Labour migration and stakeholders’ role in the making of Brexit
Chris Forde, Centre of Employment Relations Innovation and Change, University of Leeds
Gabriella Alberti, Leeds University Business School
Ioulia Bessa, Leeds University Business School
Zyama Ciupijus, Leeds University Business School
Jo Cutter, Leeds University Business School
Maisie Roberts, Leeds University Business School
Building on ongoing research on social partners in the ‘making of Brexit’ this paper focuses on the UK’s shifting migration regime and the role played by stakeholders’ in shaping the UK’s proposed exit from the EU. During politically driven and state-led change, regulatory spaces are redrawn as different actors attribute varied meanings to “re-regulation” (Martinez Lucio and MacKenzie, 2011). In the case of Brexit these range from views that perceive regulation as a burden, through to the ‘productive’ nature of migration controls creating precariousness in employment relations (Anderson, 2013), to more positive notions of re-regulation as an opportunity to enshrine transnational employment standards and social protections (Schiek et al. 2015).
Our argument is that it the regulatory space opened up over the last three years has resulted in many ‘effects of Brexit before Brexit’, only some of which are directly connected to the withdrawal of the UK from the EU. For example, in areas of labour market policy making, Brexit has framed, shaped and constrained the range of possibilities in the Taylor Review of Modern Working Practices recommendations. The future direction of policy protecting workers’ rights in the UK is unclear as these are also being used as a ‘bargaining chip’ for the UK government to try and win parliamentary and public support for a preferred Brexit deal. The effects of the referendum vote appear to already be affecting migration to the UK from the EEA as the rate in late 2018 slowed to its lowest level since 2012 (ONS 2018).

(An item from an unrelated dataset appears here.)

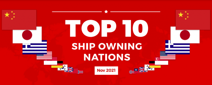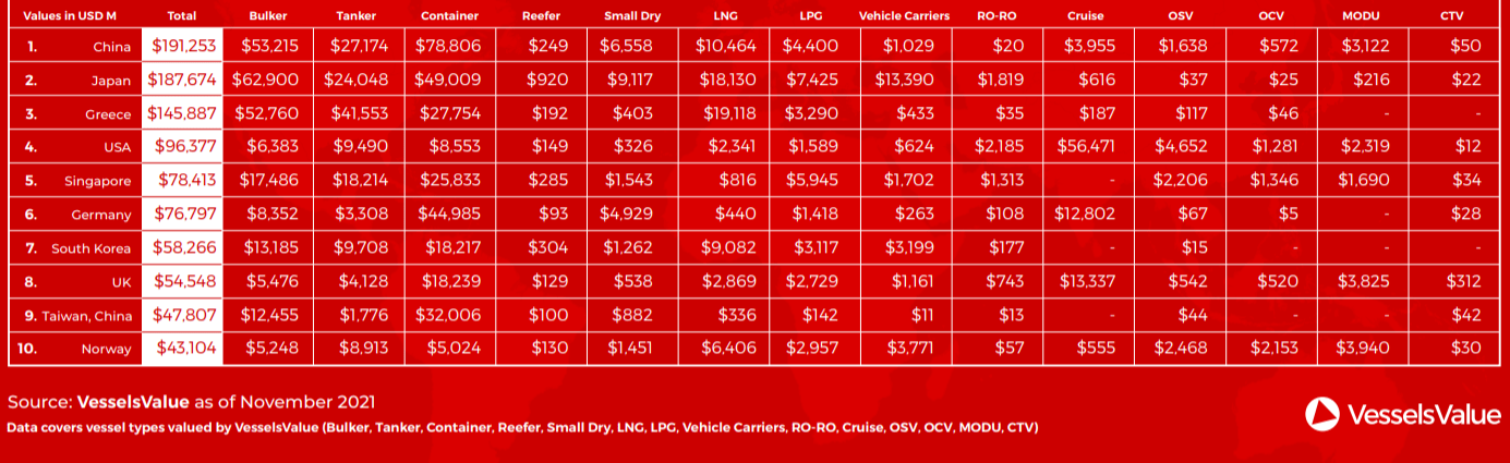 November 2021 total fleet values in the following Top 10 Ship Owning Nations list include the following vessel types: Bulker, Tanker, Container, Reefer, Small Dry, LNG, LOC, Vehicle Carriers, RoRo, Cruise, OSV, OCV, MODU and CTV.

In terms of the proposed migration regime post-Brexit, there remains considerable uncertainty following the publication of the White paper on migration in December 2018. Stakeholder views have shaped this White Paper, and positions continue to evolve and change. The effects of a work permit/visa system, for example, are complex to untangle, despite the relatively simplistic positions reached or argued by some stakeholders and think tanks. A work permit/visa system is likely to make it more expensive for employers to employ some migrant workers, yet these costs may be passed on to workers. Furthermore, for migrants, the system might make moving for work to the UK unattractive for many potential workers, particularly if the possibilities for acting strategically when making migration decisions (Alberti, 2014) are constrained.
Current proposals suggest migrant workers will be tied to a single employer or unable to move from one migration scheme to another once they are working in the UK for up to 12 months during the ‘transitional’ regime to 2025. This detrimental effect on the ability of migrants to initiate mobility may have implications for employers in attracting workers and may increase labour shortages. Such an argument has received less attention in UK public discourse because there is a tendency to assume that migrants would come to the UK under any conditions – a view which takes away agency from workers and neglects the decisions they make individually and as families.

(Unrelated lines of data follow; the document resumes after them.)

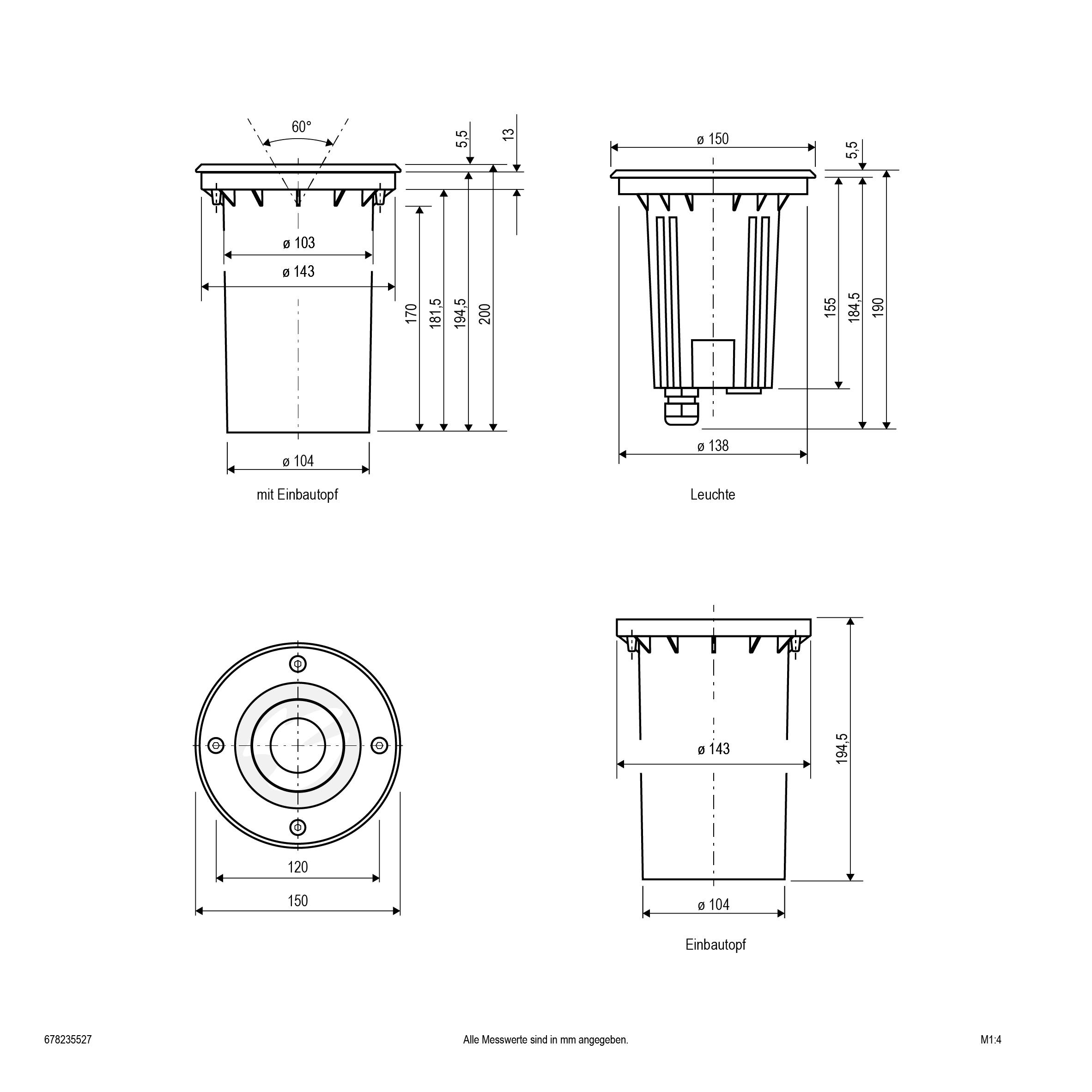| Einbaudurchmesser | 143 mm |
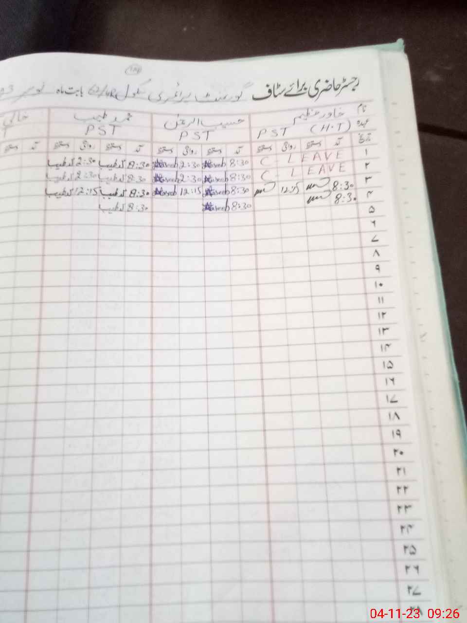 | Name: KH**** AZ**** Designation: (School Headmaster's/Headmistress's) PST Phone/Cell Number: 03**** |
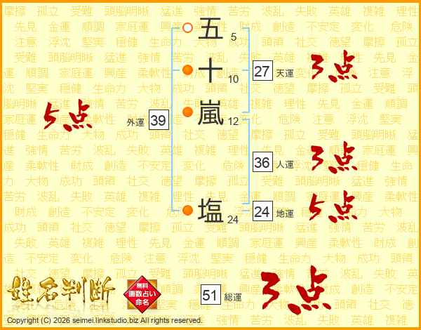 五十嵐塩さんの総運は51画の3点

Methodologically we draw from a ‘co-production’ approach to participatory research (Chatterton et al. 2018) fostering dialogue between the different Brexit players at the institutional and community levels to ask:
- How are stakeholders’ voices shaping the future of labour mobility in a post-Brexit world?
- How are activities and debates at multiple scales (regional/national/international) interacting in the making of Brexit, considering the ever extending transition towards a new migration regime?
Empirically the paper draws from analysis of recent and future communications from the UK Migration Advisory Committee, related submissions and evidence from stakeholders in key sectors of the migrant economy as well as from qualitative data from roundtables and focus groups with stakeholders (trade unions, employers and civil society) on the future of labour mobility regulation in post-Brexit UK.